Undang-undang yang Mengatur Tentang Hukum Pengangkutan Udara.
            Undang – undang Nomor 1 Tahun 2009 tentang penerbangan disahkan dalam rapat paripurna DPR-RI pada tanggal 17 Desember 2008 dan ditanda tangangani pada tanggal 12 Januari 2009. UURI No.1/2009 tersebut sangat menjanjikan terhadap pertumbuhan transportasi udara di Indonesia, karena sebagai dasar hukum telah mengatur secara komprehensif.
            pengaturan pengangkutan udara terdapt dalam Undang-undang Nomor 1 tahun 2009 tentang penerbangan. Selain itu juga terdapat dalam Ordonansi Pengangkutan Udara ( OPU ) S.100 tahun 1939 yang sebagian besar aturan-aturan tersebut mengacu pada Konvensi Warsawa tahun 1929.

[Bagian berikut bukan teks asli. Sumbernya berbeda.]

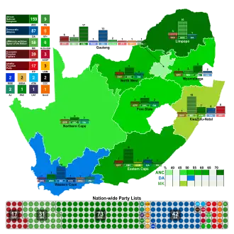 In June 2020, the Constitutional Court ruled in New Nation Movement NPC v President of the Republic of South Africa that the Electoral Act was unconstitutional to the extent that it did not allow independents to contest national and provincial elections.[36] Since the first elections held under universal suffrage, 400 members elected were elected to the National Assembly by a system of proportional representation with a closed list approach. Two hundred members were elected from national party lists, while the other 200 were elected from provincial party lists in each of the nine provinces. The national list seats were awarded by subtracting seats won at the provincial level from each party's national allocation to generate a maximally proportional result. The Droop quota variant of the largest remainder method was used to allocate seats at both the national and provincial levels.[37] Provincial legislatures were also elected by a system of proportional representation with closed party lists.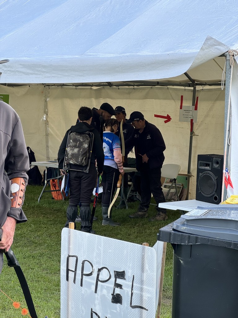 « Samedi matin 18 mai, Victoire arrivait sur site à 8h45 pour un passage au contrôle du matériel (vérification par les arbitres de l’arc, des flèches, du gant et des fiches de marque), puis échauffement sur le pas de tir. Ensuite, 10h00, appel de son peloton, et départ en navette vers le parcours où nous ne pouvions pas la suivre.
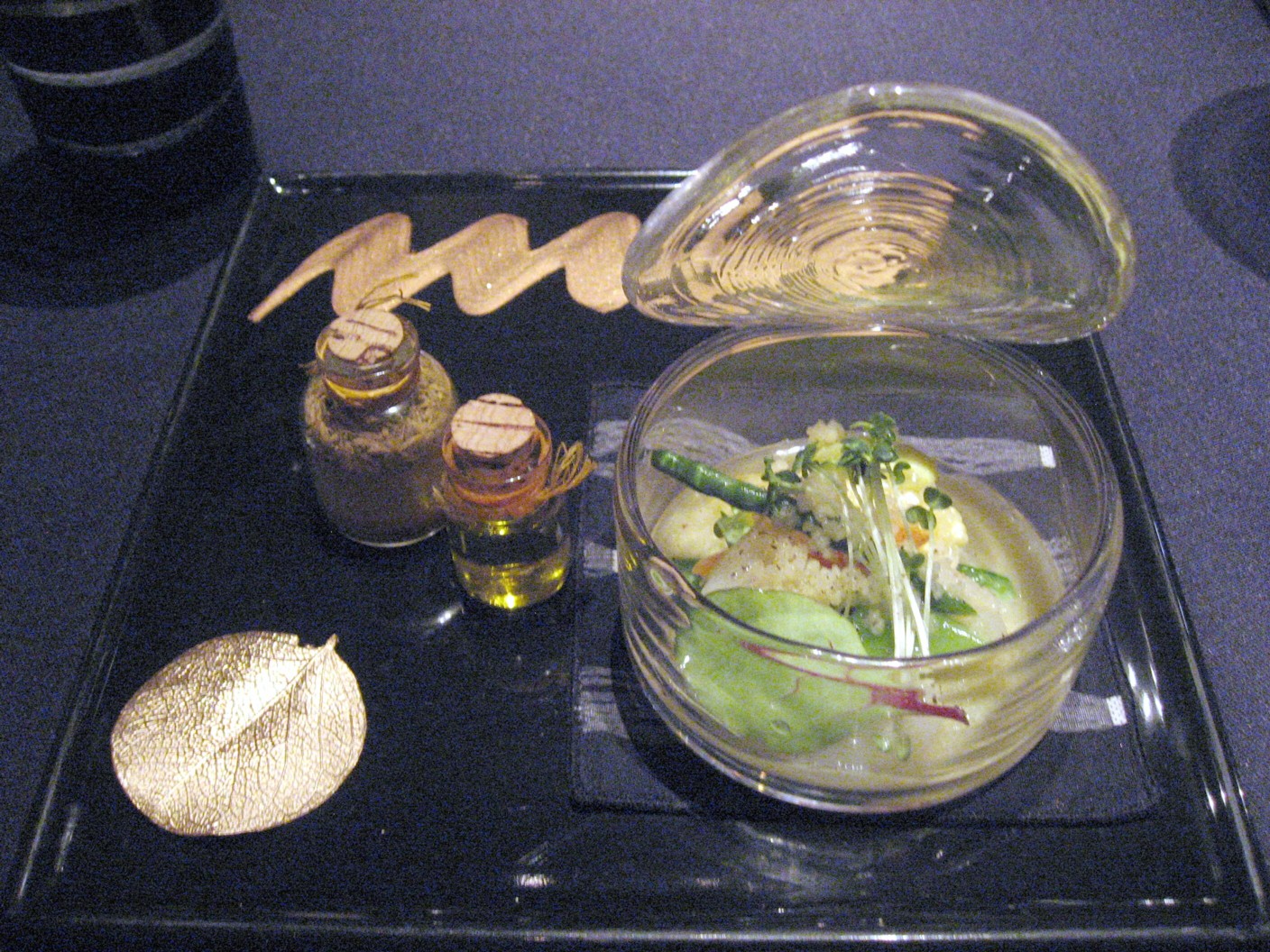 最初はロブション風キャビア、キャビアの味を生かした複雑な味わいが口の中に広がる。シャンパンに良く合う。キャビアのつぶつぶの写真をあしらった台で。
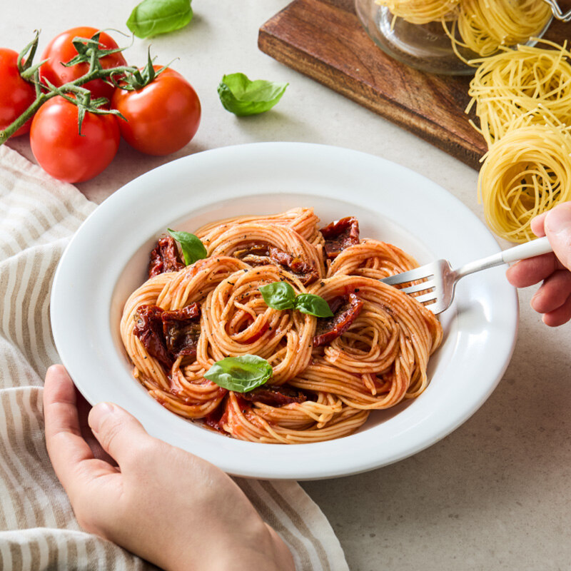 스파게티면 보다 얇은 면으로 둥지 모양을 띄는 까펠리니 엔젤헤어를 소개해요. 육수나 콘소메에 넣어 먹거나 냉파스타나 생크림과 버터, 파마산 치즈로 만든 소스와도 잘 어울려요.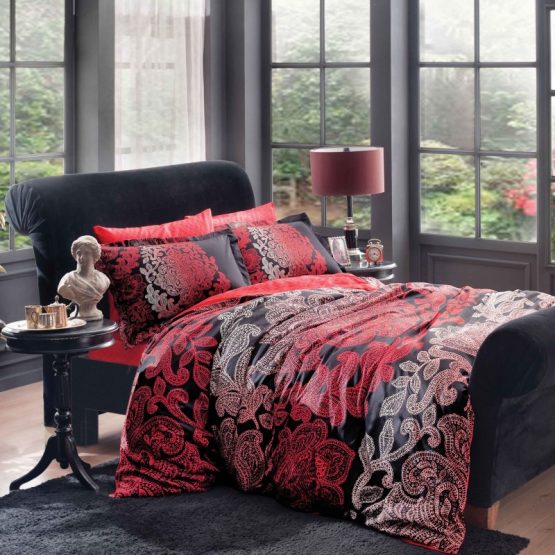 Постельное белье Tac сатин Delux Valencia siyah черный евро

            Berikut beberapa point dari Undang-undang No.1 Tahun 2009 :
·         penggandaan pesawat udara sebagai terdapat dalam konvensi  Cape town 2001
·         prinsip ekstra teritorial
·         kedaulatan atas wilayah udara Indonesia
·         pelanggaran wilayah kedaulatan
·         produksi wilayah kedaulatan
·         pendaftaran dan kebangsaan pesawat udara
Point diatas dimaksud sebagai dasar hukum tindak lanjut temuan Organisasi Penerbangan Sipil Internasioanal (ICAO) .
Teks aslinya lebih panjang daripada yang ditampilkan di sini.